From: Andrew U. <and...@gm...> - 2007-02-14 22:01:32
|
Hi everyone... I came across a recent development that is useful if we decide to go with database storage of graphics primitives - an algorithm+data structure called Nested Containment List (NCList). abstract: http://bioinformatics.oxfordjournals.org/cgi/content/abstract/btl647v1 The goal is to optimize 1-D range queries for databases storing intervals - exactly like our queries for all primitives overlapping some tile (that is, if we remove the y-coord query, which is useless anyway - tiles should always be the height of the entire track, reducing it to a 1-D problem). The authors claim that they can improve query and database construction time by 5 to 500 times over MySQL multi-column indexing, binning, and PostgreSQL R-trees. Their benchmarks looks pretty damn good, and I wonder how it would perform on our datasets. The database update performance seems to be an unexplored issue, so this should only be applied to static datasets, which is pretty much the case with us - if our feature set ever changes, we need to re-do the layout and rebuild the primitives database completely, and layout/database building is the quick step compared to querying anyway (that is if BioPerl can handle layout for really large chromosomes). They have a C implementation and a Python module implementation, so getting this to work for us might not be instantaneous.
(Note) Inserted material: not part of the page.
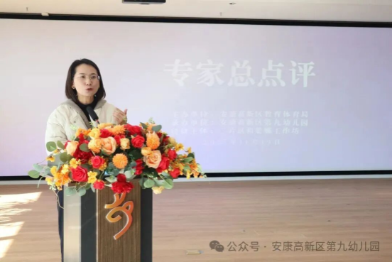在教研研讨环节,钱敏讲师以专业视角引领交流走向深入。针对梁娜工作坊提出的“自主游戏实践痛难点”等核心问题,她结合观摩案例与学前教育前沿理论,与一线教师共同梳理主题式区域游戏与随机游戏的平衡策略,为基层教师破解实践困惑提供了清晰的理论支撑与操作指引。其总点评环节更是将活动推向高潮,通过具象化的游戏案例分析,为教师引导儿童“带着目的进行游戏”指明了科学方向,充分彰显了高校专业人才的理论功底与实践洞察力。

But if their claims are correct, this could outperform in-memory storage in time. Also, memory use for in-memory storage may become a problem for really large chromosomes, but the NCList implementation seems to be focused on being RAM-efficient and disk-intensive, yet still able to be fast... I really have no idea how well a Perl program will work when it runs out of RAM and starts swapping to disk, but the NCList tests seem to show that their disk-intensive approach is still pretty fast. Of course, only benchmarks on our data will tell for sure. Oh yeah, their results in the paper are shown for the low-RAM, disk-intensive implementation in Python. There is also a RAM-intensive version that would probably be faster, but require machines with more RAM... the C implementation they have will of course be even faster, also. Their algorithm actually would be applicable to any feature database outside of what we're doing though, so take note. Andrew |